About this task: Set down, word for word, the line with "満州 ハルビン 夜の松花江 *傷み有り" and the lines after it through the final line of the data below, without pictures.

[Records drawn from a dataset]

-- -- --

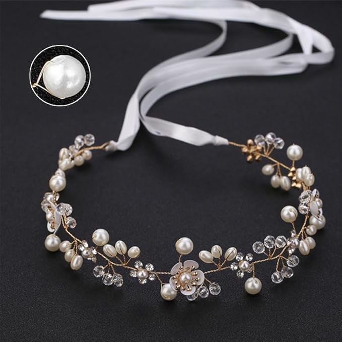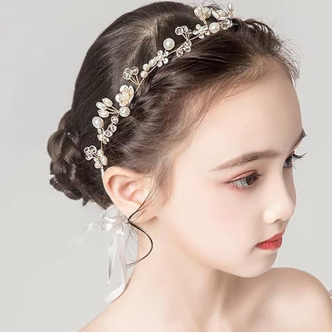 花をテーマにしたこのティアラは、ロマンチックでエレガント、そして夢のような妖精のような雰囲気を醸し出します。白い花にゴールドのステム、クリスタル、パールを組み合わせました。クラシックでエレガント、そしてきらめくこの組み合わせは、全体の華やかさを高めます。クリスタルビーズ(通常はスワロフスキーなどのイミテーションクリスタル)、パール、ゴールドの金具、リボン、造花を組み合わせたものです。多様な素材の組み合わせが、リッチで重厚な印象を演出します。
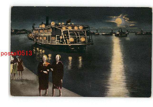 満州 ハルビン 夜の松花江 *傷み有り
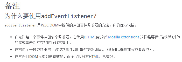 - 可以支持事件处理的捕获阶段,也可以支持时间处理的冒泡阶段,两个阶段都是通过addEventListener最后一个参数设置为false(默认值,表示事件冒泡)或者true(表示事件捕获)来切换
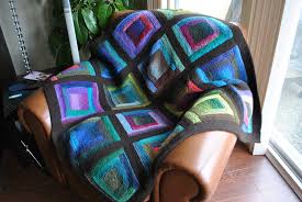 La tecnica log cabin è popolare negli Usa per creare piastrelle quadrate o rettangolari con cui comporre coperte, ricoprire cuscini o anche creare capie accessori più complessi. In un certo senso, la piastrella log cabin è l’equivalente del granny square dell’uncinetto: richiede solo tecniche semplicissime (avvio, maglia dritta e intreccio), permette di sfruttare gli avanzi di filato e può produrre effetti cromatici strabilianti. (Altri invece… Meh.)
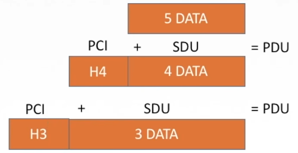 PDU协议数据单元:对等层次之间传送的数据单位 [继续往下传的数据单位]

-- -- --

Written reply:
 満州 ハルビン 夜の松花江 *傷み有り
 - 可以支持事件处理的捕获阶段,也可以支持时间处理的冒泡阶段,两个阶段都是通过addEventListener最后一个参数设置为false(默认值,表示事件冒泡)或者true(表示事件捕获)来切换
 La tecnica log cabin è popolare negli Usa per creare piastrelle quadrate o rettangolari con cui comporre coperte, ricoprire cuscini o anche creare capie accessori più complessi. In un certo senso, la piastrella log cabin è l’equivalente del granny square dell’uncinetto: richiede solo tecniche semplicissime (avvio, maglia dritta e intreccio), permette di sfruttare gli avanzi di filato e può produrre effetti cromatici strabilianti. (Altri invece… Meh.)
 PDU协议数据单元:对等层次之间传送的数据单位 [继续往下传的数据单位]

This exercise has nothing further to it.